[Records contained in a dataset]

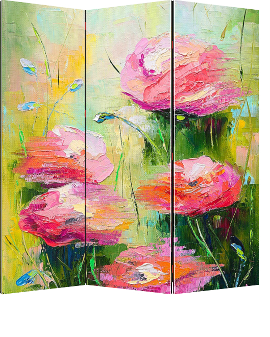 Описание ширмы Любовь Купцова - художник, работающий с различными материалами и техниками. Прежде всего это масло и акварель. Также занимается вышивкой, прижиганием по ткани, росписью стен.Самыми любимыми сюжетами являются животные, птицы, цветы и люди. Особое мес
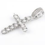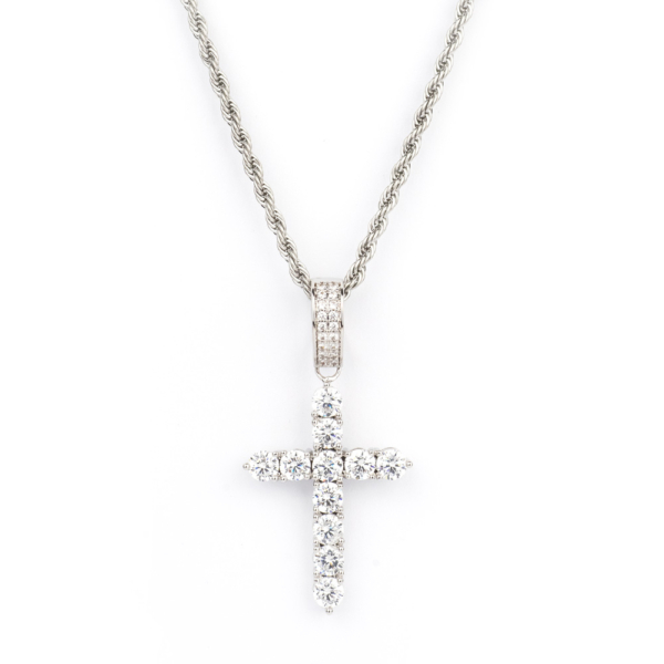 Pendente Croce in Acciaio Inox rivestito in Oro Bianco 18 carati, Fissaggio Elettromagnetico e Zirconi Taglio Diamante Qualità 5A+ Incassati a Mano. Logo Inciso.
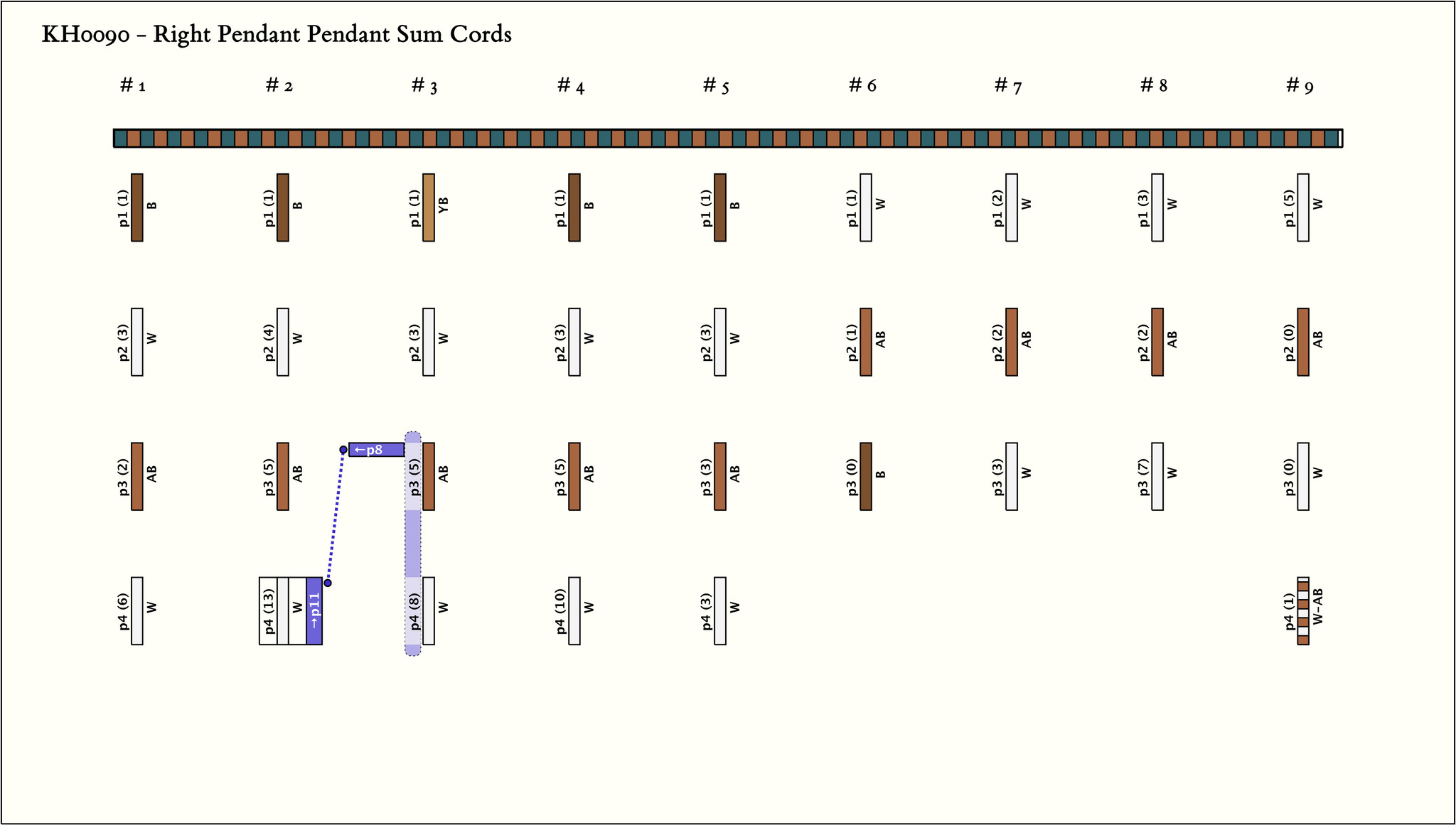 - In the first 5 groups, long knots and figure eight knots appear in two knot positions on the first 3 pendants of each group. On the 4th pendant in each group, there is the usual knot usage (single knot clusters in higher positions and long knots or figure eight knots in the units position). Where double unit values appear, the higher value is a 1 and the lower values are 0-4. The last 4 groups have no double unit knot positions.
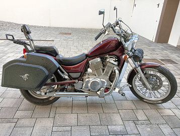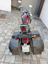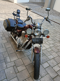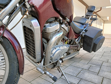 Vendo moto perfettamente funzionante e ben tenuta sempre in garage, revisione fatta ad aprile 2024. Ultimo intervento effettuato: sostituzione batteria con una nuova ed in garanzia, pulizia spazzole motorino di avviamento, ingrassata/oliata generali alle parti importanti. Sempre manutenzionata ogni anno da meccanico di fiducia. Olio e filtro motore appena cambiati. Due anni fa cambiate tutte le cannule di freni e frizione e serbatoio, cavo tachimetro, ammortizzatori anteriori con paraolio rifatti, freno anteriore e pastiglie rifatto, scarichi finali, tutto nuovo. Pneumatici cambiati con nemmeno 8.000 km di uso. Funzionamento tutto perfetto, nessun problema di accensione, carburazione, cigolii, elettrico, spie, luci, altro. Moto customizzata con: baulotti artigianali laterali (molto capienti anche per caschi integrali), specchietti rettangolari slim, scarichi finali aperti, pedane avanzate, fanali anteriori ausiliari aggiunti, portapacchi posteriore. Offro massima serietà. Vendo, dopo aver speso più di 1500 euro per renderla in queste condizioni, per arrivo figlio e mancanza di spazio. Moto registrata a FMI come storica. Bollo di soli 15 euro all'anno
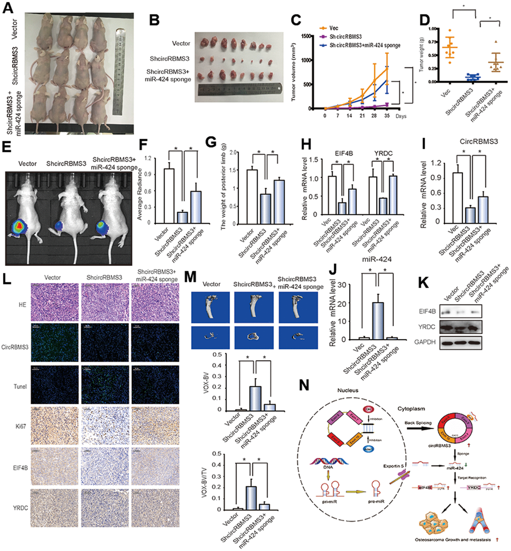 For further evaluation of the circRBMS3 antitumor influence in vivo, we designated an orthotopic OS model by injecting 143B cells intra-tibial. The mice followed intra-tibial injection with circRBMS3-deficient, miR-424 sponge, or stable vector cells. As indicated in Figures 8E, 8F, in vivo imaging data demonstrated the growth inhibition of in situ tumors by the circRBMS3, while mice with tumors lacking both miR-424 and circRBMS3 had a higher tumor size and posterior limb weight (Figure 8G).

### Task goal
Your reply should repeat the entries above exactly, leaving the pictures out.

### Written response
 Описание ширмы Любовь Купцова - художник, работающий с различными материалами и техниками. Прежде всего это масло и акварель. Также занимается вышивкой, прижиганием по ткани, росписью стен.Самыми любимыми сюжетами являются животные, птицы, цветы и люди. Особое мес
 Pendente Croce in Acciaio Inox rivestito in Oro Bianco 18 carati, Fissaggio Elettromagnetico e Zirconi Taglio Diamante Qualità 5A+ Incassati a Mano. Logo Inciso.
 - In the first 5 groups, long knots and figure eight knots appear in two knot positions on the first 3 pendants of each group. On the 4th pendant in each group, there is the usual knot usage (single knot clusters in higher positions and long knots or figure eight knots in the units position). Where double unit values appear, the higher value is a 1 and the lower values are 0-4. The last 4 groups have no double unit knot positions.
 Vendo moto perfettamente funzionante e ben tenuta sempre in garage, revisione fatta ad aprile 2024. Ultimo intervento effettuato: sostituzione batteria con una nuova ed in garanzia, pulizia spazzole motorino di avviamento, ingrassata/oliata generali alle parti importanti. Sempre manutenzionata ogni anno da meccanico di fiducia. Olio e filtro motore appena cambiati. Due anni fa cambiate tutte le cannule di freni e frizione e serbatoio, cavo tachimetro, ammortizzatori anteriori con paraolio rifatti, freno anteriore e pastiglie rifatto, scarichi finali, tutto nuovo. Pneumatici cambiati con nemmeno 8.000 km di uso. Funzionamento tutto perfetto, nessun problema di accensione, carburazione, cigolii, elettrico, spie, luci, altro. Moto customizzata con: baulotti artigianali laterali (molto capienti anche per caschi integrali), specchietti rettangolari slim, scarichi finali aperti, pedane avanzate, fanali anteriori ausiliari aggiunti, portapacchi posteriore. Offro massima serietà. Vendo, dopo aver speso più di 1500 euro per renderla in queste condizioni, per arrivo figlio e mancanza di spazio. Moto registrata a FMI come storica. Bollo di soli 15 euro all'anno
 For further evaluation of the circRBMS3 antitumor influence in vivo, we designated an orthotopic OS model by injecting 143B cells intra-tibial. The mice followed intra-tibial injection with circRBMS3-deficient, miR-424 sponge, or stable vector cells. As indicated in Figures 8E, 8F, in vivo imaging data demonstrated the growth inhibition of in situ tumors by the circRBMS3, while mice with tumors lacking both miR-424 and circRBMS3 had a higher tumor size and posterior limb weight (Figure 8G).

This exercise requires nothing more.